Taking Haiti Personally

Books discussed in this essay

--Edwidge Danticat, Krik? Krak! (Soho Press, 224 pp.; $20, 1995; Vintage, $11, paper, 1996)

--Joan Dayan, Haiti, History, and the Gods (University of California Press, 339 pp.; $35, 1995)

--Herbert Gold, Best Nightmare on Earth: A Life in Haiti (Simon & Schuster, 320 pp.; $12, paper, 1992 [first published 1991])

--Blair Niles, Black Haiti: A Biography of Africa's Eldest Daughter (1926; o.p.)

--North American Congress on Latin America (NACLA), Haiti: Dangerous Crossroads (South End Press, 256 pp.; $35, hardcover, $15, paper, 1995)

Public events give place names new overtones that can seem to override previous, private meanings. For my first 27 years, for example, Waco was merely the town my grandfather came from. Now the name evokes an unhappy recent history, and I'm tacitly asked to take a side. So too with Haiti. I have spent time in that unhappy country, respect particular Haitian people for particular reasons, know the country's language and vivid smells and sounds. The now pervasive presumption that politics should trump my own experience both baffles and angers me; I'm not on anybody's side, thank you very much.

The meaning of "Haiti" has become a battleground. Some months ago a friend sent me a flier for a new book from South End Press. Haiti: Dangerous Crossroads was, I was told, "a succinct history and up-to-date analysis of the tragic betrayal of Haitian democracy" that explained "why attempts to 'restore democracy' in Haiti seem doomed to failure. In part," claimed the flier,

the reasons lie in Haiti's centuries-old "semi-feudal" class structure overlaid by the agro-export economy established during the U.S. occupation. Much blame, however, rests squarely on the shoulders of the United States. The U.S. response to the coup--the inhumane refugee policy, a leaky embargo, ineffectual weak-kneed diplomacy, and a sustained cia campaign to paint [then-President Jean-Bertrand] Aristide as demagogic and mentally unstable--lays bare the United States' contempt for democratic and legal processes.

Such effort expended, I mused with some disgust, to demonstrate what seems so obvious as to be irrelevant. The leftist publisher's blinkered paradigm blinds it to difficult truths: that "democracy" (however defined) is not the be-all and end-all, nor is "the United States" a monolith. (No state is a monolith; only totalitarians say otherwise.) Furthermore, Aristide is demagogic and mentally unstable, even if the CIA does say so.

The American Left did more harm than good with its preemptive invasion of the moral high ground in the debate over Haiti. (The journalist Amy Wilentz, for starters, deserves much credit for having "discovered" Aristide,1 but her own compromised role as his leading apologist remains too little criticized. Her writings during and since the crisis show her striving, and inevitably failing, at once to retain her chair as dean of American retailers of Aristideism and to regain the journalist's authority as independent observer that she should not have squandered.)2 Indeed, this self-congratulatory stance recalls Norman Mailer's words (to V. S. Naipaul) on posturing leftists back in 1969: "They just want to make a statement and stand around being right. 'I know what is wrong, I'm noble.' This I don't buy."

On the other side of the debate, the claimed meanings of Haiti enforced in the service of what the North American imperial state defined itself as doing--"restoring democracy"--were classically Orwellian, and the salvation of our national soul will begin the moment we admit this. "Our success in Haiti to date shows what the international community, with American leadership, can achieve in helping countries in their struggle to build democracy," said Bill Clinton, with a straight face, just after the invasion. As Orwell himself might have put it, two and two make five.

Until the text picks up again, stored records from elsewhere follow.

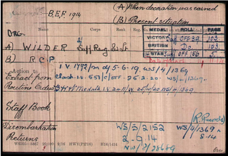 Reginald Connor Phillips Wilder was born in 1896 in Great Bradley (Risbridge Q1-1895 4A:733), baptised in Great Bradley on 24th March 1896, son of Reverend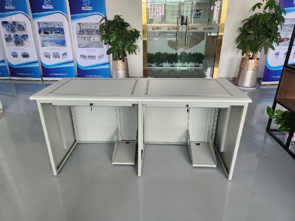 翻转电脑桌以其独特的设计理念,实现了空间利用的zui大化。在不使用电脑时,桌面的翻转收纳功能能够迅速将电脑设备隐藏于桌面之下,極大地节省了机房空间。这一设计不仅使得机房布局更加紧凑合理,还为学校提供了更多样化的空间利用可能性。同时,翻转电脑桌的高度调节功能,能够根据不同学生的身高需求进行灵活调整,确保每位学生都能享受到舒适、便捷的使用体验。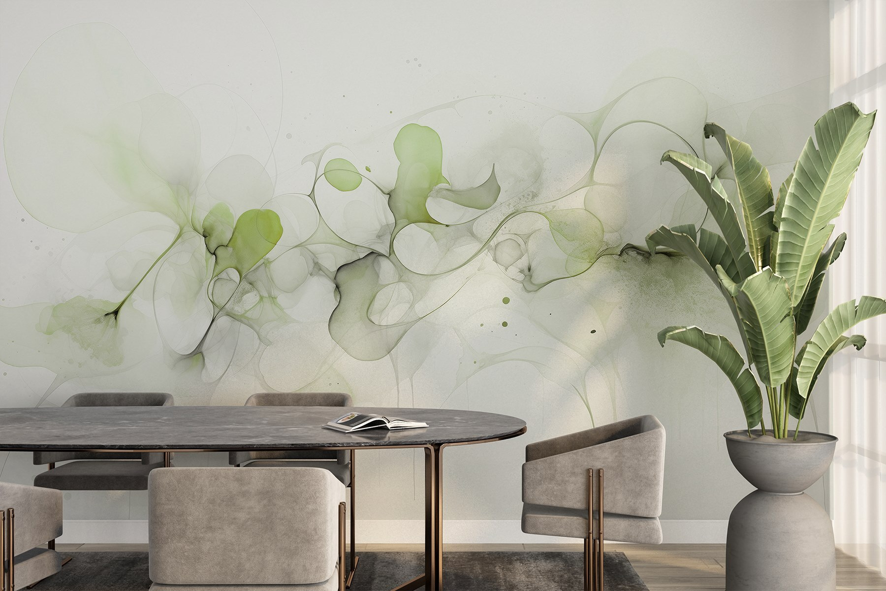 Premeňte akýkoľvek priestor pomocou nástennej maľby “Plynulé vzory v jemných zelených odtieňoch”. Je to, akoby sa sama príroda rozhodla usporiadať akvarelovú párty na vašej stene! Predstavte si, že vojdete do miestnosti a bác – privíta vás jemná zeleň, ktorá pôsobí ako nežné objatie. Táto nástenná maľba jemne pulzuje energiou a vyzýva k pokoju a tvorivosti. Perfektne sa hodí do útulného čitateľského kútika alebo na tú zvláštne holú stenu, ktorá si priam žiada nejaký charakter. Možno vás dokonca podnieti k snívaniu o slnečných lúkach alebo lenivých popoludniach pri tichom potoku. Je to viac než len dekor, je to zážitok, atmosféra. Nechajte upokojujúce farby našepkať relaxáciu do vášho domova!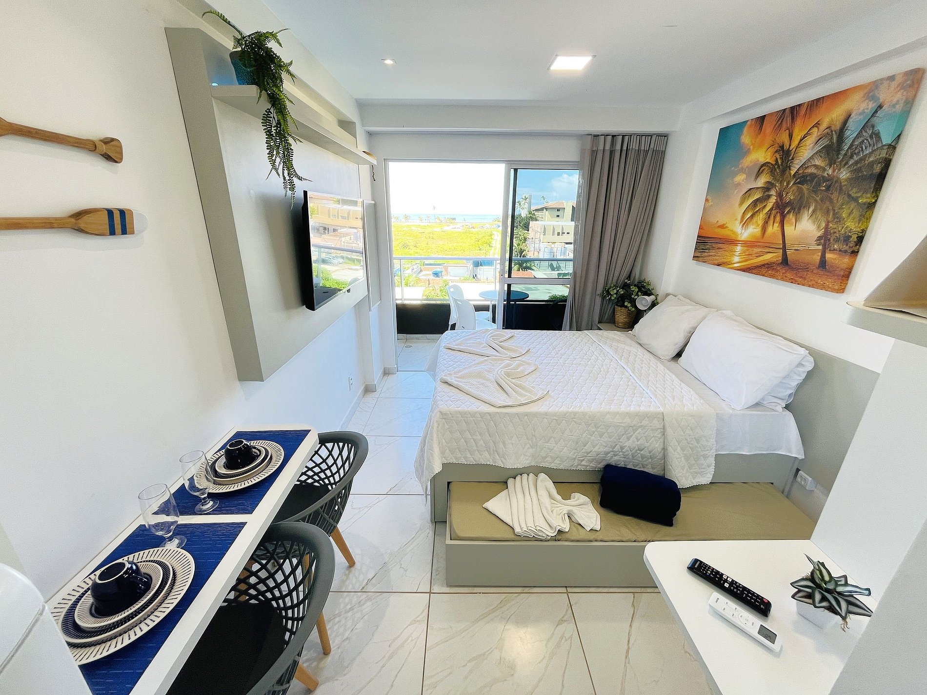 O Flat no condomínio Cupe Garden na praia do Cupe em Porto de Galinhas, conta com Rooftop, 2 experiências de piscinas (borda infinita e water play), lounge, espaço gourmet, estacionamento rotativo, elevador e solarium com vista para o nascer e pôr do sol. O charme fica por conta da piscina com vista para o Mar. Apt tipo estúdio com varanda possui cama de casal e cama solteiro embaixo (capacidade 3 pessoas), sala de estar para refeições, banheiro, cozinha completa, SmarTV, Wifi e enxoval gratuito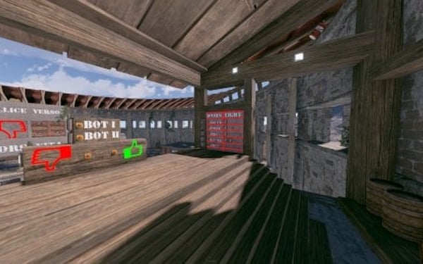 - I thought that 2 teams would not be enough, and added 2 more exits "Bot1" and "Bot2", there you can spawn bots and open the doors for them to enter the arena.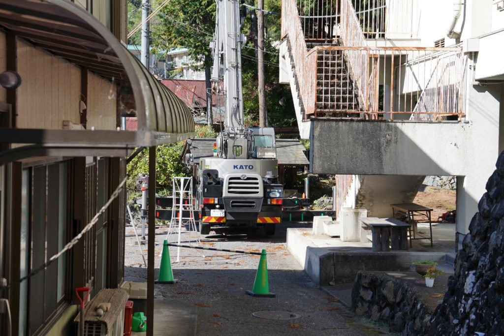 現場は入り組んだ路地の奥にあり、大型のクレーン車の進入は困難を極める場所でした。社長の佐藤さんは、この難所において、杉をワイヤーロープで固定し、高所から職人さんが順に幹を切り、クレーンで慎重に下ろすという普段なかなか見られない迫力ある作業でした。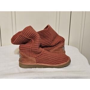 UGG Classic Cardy Mid Calf Knit Crochet Boots Size 8 5833 Sheepskin Footbed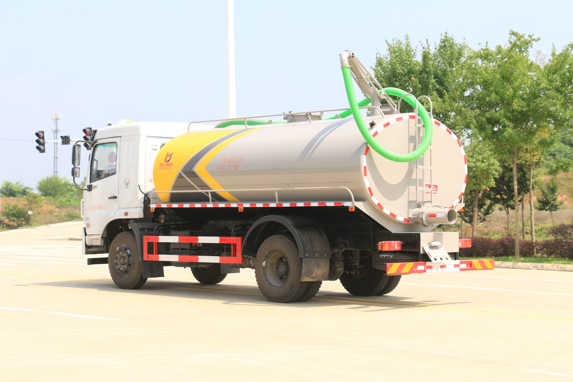 罐体两侧中部设有走台箱,平时用于搁置吸粪胶管,维修时站立。前封头设有观察量管,便于监视装载量,防止超载。底部设有清洗孔,平时密封着,清洗罐体时,可打开清洗孔盖,让污水自流排出。
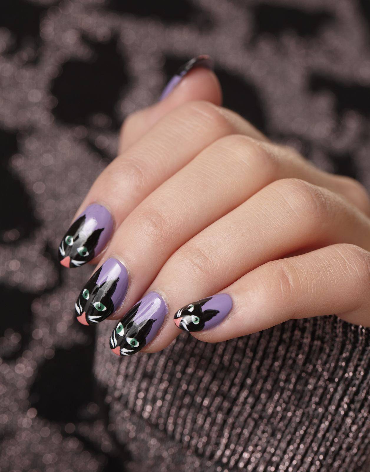Кошачья тематика в маникюре отлично дополнит костюм для Хеллоуина и любой другой вечеринки-маскарада. Тип рисунка должен соответствовать выбранному образу: изящный черный кошачий силуэт и забавная рыжая мордочка – очень разные по настроению и стилю вариации.

The fiasco's tellingly unremarked background music was the moaning and chain-rattling of the apparently never-to-be-exorcised ghosts of Vietnam. Sen. John McCain asked if U.S. troops in Haiti could be kept safe from "a bomb in a cafe." Sen. Nancy Kassebaum noted that "people remember Somalia"--a polite way of saying what it was people really remembered but still preferred to forget. "The lesson of Vietnam is that you don't commit troops until the country is committed to the mission," opined David Broder from his desk in Washington, D.C.; "the" lesson, indeed. Above all we kept hearing about "boat people," most Americans evidently having quite forgotten that term's origin. (Even more chilling was the constant talk of "refugee flows," as though human beings were some kind of liquid substance.)3

"People's interest in Haiti," a publishing professional informed me all too rightly in January 1995, "has peaked." The prevailing American attitude seemed quickly to have become that of Pilate: Well, that's taken care of. On to Bosnia and beyond. The secular media for their part have not known what to make of the awkward fact that Aristide came to politics from the priesthood, so they ignore it. But Aristide the priest, called to speak the truth, secularized himself (and set the stage for the ensuing tragedy) by seeking power. If recent Haitian history demonstrates anything, it is the moral poverty of a purely political response to oppression. Which way to something better?

My own journey home to a place beyond politics began when I found the courage to consider Haiti a personal matter. I am entitled to do this because I first went there at age 16 in 1982, when very few of my fellow Wisconsinites even knew the place existed. More fundamentally, I am entitled, even bound, to take personally the sufferings of Haitians because, like them, I am a human being.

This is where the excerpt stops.